Understanding Word Order (Advice?)

You can skip this paragraph if you just want to read my question.
Half my time spent studying (as of now) focuses on listening and it’s really important that I’m making the most out of that time. Over my 100s of hours of listening to Japanese, I’ve zoned out countless times due to me not being able to understand what’s being said. Only in the last month did I finally find a technique to where I can focus the whole time even though a lot of information is still flying over my head. Despite knowing the amount of words I know, I just really struggle with hearing them - even words I know really well. What I finally realized though, is that sentences ordered the same way you’d find them in English I understand perfectly (given that I know every word/grammar being used). At first I just thought they were super easy to understand because I thought they had easy vocab/grammar and were just common phrases, but that I know now that isn’t the case.
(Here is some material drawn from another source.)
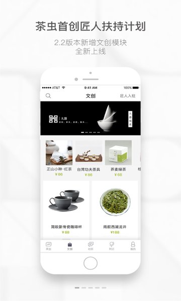 1.新增文创模块,独创"互联网+文化创意+资本"模式,打造匠人孵化平台,让传统茶文化焕发新生机;

My question is if anyone has any tips/advice for being able to improve comprehension of sentences ordered just completely different from how you’d see it in English.

Example: そんなに堂々と 言うことじゃないね
Rough translation: I don’t think that’s something you say so boldly.

If I were watching something with full focus and I heard this sentence, this is how I’d most likely hear it:
そんなに-???-ことじゃない
Even though I know all the words in this sentence, If I came across that while immersing I’d most likely just hear it like that and I’d have zero clue what’s being said. However, if I’m just reading I can read that sentence and make sense of it - but it still takes me some time to understand what it’s saying because I have to reorder all the words in my head. If the sentence is even longer, well, my brain just doesn’t like that.

Anyways, if anyone has any advice I’d really appreciate it, or if what I’m doing below is enough.
Also, I have a lot of time to put towards Japanese, so whatever advice you may have, time isn’t really an issue.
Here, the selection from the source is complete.